→ WHAT IS EXPECTED:
Below are the entries; give again exactly the lines from the one mentioning "It seems that" through the one mentioning "シンプルにフロントに「Oi!」のロゴプリントのクルーネックスウェット。", inclusive.

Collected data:
******

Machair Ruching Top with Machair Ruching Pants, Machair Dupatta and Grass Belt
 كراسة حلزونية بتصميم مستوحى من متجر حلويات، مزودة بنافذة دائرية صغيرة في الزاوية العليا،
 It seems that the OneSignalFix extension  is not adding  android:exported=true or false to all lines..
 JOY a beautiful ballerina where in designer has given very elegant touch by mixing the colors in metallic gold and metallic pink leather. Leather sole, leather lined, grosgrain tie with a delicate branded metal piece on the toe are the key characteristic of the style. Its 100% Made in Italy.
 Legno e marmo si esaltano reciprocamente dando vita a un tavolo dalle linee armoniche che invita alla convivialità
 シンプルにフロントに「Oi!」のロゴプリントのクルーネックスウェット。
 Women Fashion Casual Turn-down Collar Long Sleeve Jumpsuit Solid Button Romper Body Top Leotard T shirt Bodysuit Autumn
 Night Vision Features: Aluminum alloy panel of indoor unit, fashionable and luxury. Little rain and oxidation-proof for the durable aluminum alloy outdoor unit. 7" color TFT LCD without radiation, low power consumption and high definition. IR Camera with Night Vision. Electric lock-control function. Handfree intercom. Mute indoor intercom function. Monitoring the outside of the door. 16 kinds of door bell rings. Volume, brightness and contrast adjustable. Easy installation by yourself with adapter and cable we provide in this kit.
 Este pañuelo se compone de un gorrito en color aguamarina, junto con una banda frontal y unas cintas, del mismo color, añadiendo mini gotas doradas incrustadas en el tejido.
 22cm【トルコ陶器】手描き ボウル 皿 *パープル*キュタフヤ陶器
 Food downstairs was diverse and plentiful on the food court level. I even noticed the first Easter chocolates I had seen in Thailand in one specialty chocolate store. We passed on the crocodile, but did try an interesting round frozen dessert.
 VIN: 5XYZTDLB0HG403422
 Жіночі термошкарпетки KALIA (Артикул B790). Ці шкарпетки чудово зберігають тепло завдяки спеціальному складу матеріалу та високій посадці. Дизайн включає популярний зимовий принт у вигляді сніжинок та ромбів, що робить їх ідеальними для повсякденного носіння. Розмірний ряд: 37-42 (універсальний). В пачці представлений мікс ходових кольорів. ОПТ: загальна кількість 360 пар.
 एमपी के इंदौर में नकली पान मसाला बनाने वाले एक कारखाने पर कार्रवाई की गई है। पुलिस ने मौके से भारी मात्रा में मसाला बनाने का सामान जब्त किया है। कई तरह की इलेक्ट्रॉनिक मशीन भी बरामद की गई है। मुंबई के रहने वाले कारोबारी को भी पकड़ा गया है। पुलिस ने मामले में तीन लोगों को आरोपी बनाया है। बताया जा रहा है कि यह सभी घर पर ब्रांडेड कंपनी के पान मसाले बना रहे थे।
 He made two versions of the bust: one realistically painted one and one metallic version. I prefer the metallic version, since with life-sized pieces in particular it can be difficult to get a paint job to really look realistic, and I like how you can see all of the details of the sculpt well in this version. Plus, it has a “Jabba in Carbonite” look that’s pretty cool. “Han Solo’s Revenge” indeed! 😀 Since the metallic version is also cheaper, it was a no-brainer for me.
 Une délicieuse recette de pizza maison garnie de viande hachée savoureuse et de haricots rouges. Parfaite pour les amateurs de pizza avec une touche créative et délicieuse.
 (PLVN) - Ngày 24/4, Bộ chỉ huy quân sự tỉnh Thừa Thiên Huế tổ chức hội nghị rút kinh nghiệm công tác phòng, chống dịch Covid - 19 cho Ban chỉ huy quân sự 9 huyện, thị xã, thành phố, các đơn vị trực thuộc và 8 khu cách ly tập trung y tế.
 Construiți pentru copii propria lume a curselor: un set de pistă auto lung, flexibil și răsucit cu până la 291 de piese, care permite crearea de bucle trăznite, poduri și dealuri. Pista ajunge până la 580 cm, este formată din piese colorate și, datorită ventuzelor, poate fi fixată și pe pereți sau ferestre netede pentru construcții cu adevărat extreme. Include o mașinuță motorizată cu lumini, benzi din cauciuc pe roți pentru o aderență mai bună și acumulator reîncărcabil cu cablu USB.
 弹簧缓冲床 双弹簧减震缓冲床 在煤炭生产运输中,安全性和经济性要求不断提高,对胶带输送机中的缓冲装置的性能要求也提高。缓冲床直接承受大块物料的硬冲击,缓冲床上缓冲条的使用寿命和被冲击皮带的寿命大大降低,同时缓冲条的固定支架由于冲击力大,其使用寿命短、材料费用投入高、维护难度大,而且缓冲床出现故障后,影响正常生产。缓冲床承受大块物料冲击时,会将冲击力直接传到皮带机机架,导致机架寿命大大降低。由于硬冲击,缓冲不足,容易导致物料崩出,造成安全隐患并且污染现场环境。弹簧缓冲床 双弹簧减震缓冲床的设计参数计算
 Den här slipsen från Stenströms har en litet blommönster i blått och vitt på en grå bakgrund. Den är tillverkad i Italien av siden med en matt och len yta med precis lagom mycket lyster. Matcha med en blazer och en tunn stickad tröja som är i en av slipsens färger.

******

→ RESPONSE AREA:
 It seems that the OneSignalFix extension  is not adding  android:exported=true or false to all lines..
 JOY a beautiful ballerina where in designer has given very elegant touch by mixing the colors in metallic gold and metallic pink leather. Leather sole, leather lined, grosgrain tie with a delicate branded metal piece on the toe are the key characteristic of the style. Its 100% Made in Italy.
 Legno e marmo si esaltano reciprocamente dando vita a un tavolo dalle linee armoniche che invita alla convivialità
 シンプルにフロントに「Oi!」のロゴプリントのクルーネックスウェット。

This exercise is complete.